*WHAT IS BEING ASKED*
For the records below, print the lines from the line with "Decorative dahlia, coral" through the line with "-La suma de" exactly as written; include both end lines and exclude the rest.

Segment Start: RECORDS FOR THE TASK

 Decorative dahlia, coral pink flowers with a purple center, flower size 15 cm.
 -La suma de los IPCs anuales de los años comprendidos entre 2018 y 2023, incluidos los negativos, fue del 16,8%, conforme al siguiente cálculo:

Segment End: RECORDS FOR THE TASK
Segment Start: RECORDS FOR THE TASK

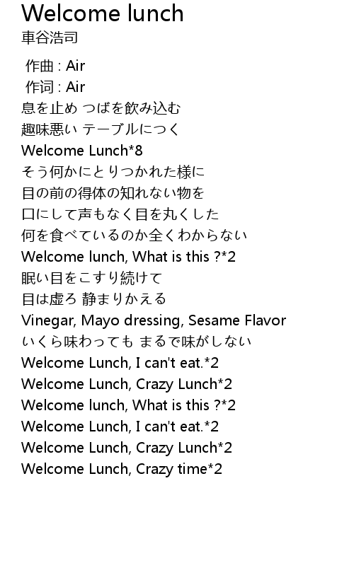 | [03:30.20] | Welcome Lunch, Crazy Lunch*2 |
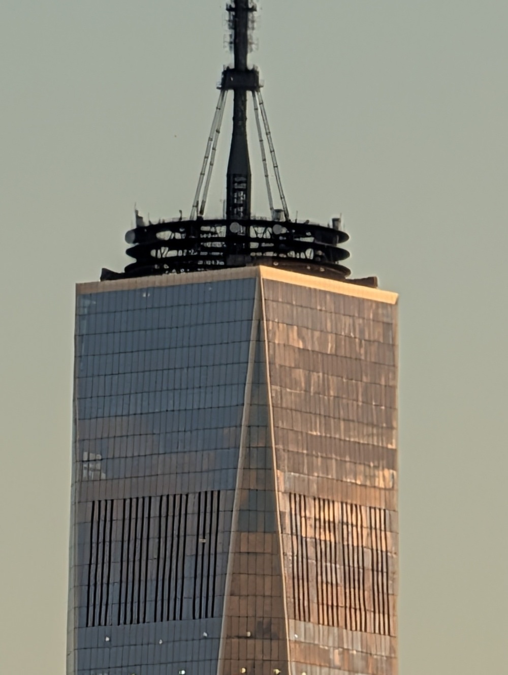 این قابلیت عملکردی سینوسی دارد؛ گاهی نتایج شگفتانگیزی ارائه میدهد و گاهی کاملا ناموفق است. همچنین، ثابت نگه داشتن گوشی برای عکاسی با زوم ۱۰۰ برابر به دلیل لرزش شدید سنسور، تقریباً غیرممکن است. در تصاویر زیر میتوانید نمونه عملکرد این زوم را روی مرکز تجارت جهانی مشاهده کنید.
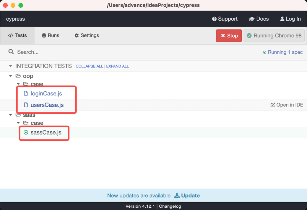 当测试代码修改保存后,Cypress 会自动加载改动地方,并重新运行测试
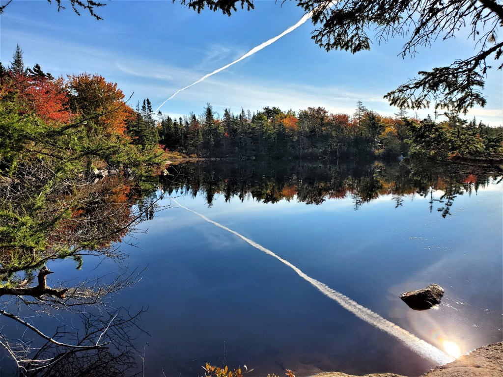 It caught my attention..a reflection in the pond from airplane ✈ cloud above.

Segment End: RECORDS FOR THE TASK
Segment Start: RECORDS FOR THE TASK

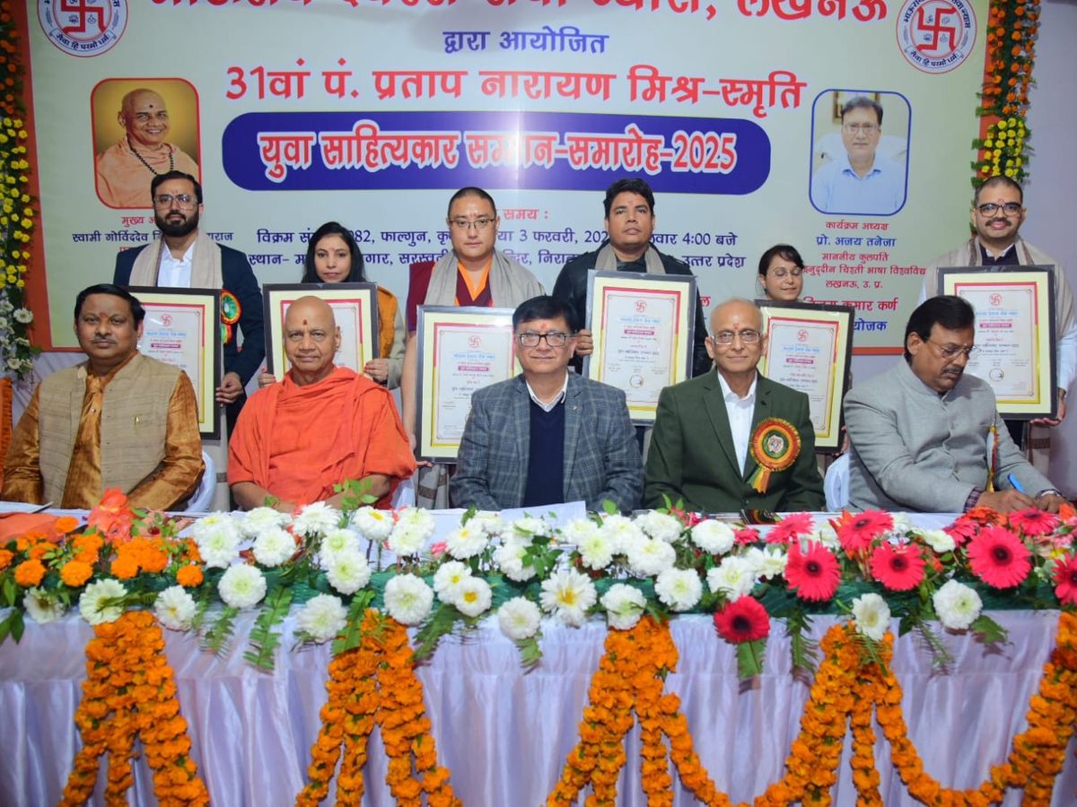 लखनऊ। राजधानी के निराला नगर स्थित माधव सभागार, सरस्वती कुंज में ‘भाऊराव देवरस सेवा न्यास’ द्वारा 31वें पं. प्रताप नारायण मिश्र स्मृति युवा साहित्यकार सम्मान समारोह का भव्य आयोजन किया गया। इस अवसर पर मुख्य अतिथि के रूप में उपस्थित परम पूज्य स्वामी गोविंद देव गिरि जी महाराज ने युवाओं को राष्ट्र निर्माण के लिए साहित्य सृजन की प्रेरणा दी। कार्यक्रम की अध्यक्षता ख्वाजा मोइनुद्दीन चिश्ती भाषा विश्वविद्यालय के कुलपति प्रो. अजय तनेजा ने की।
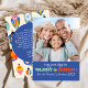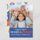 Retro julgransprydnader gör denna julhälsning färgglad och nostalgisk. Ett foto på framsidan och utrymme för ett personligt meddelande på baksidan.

Segment End: RECORDS FOR THE TASK

*WRITTEN RESPONSE*
 Decorative dahlia, coral pink flowers with a purple center, flower size 15 cm.
 -La suma de los IPCs anuales de los años comprendidos entre 2018 y 2023, incluidos los negativos, fue del 16,8%, conforme al siguiente cálculo:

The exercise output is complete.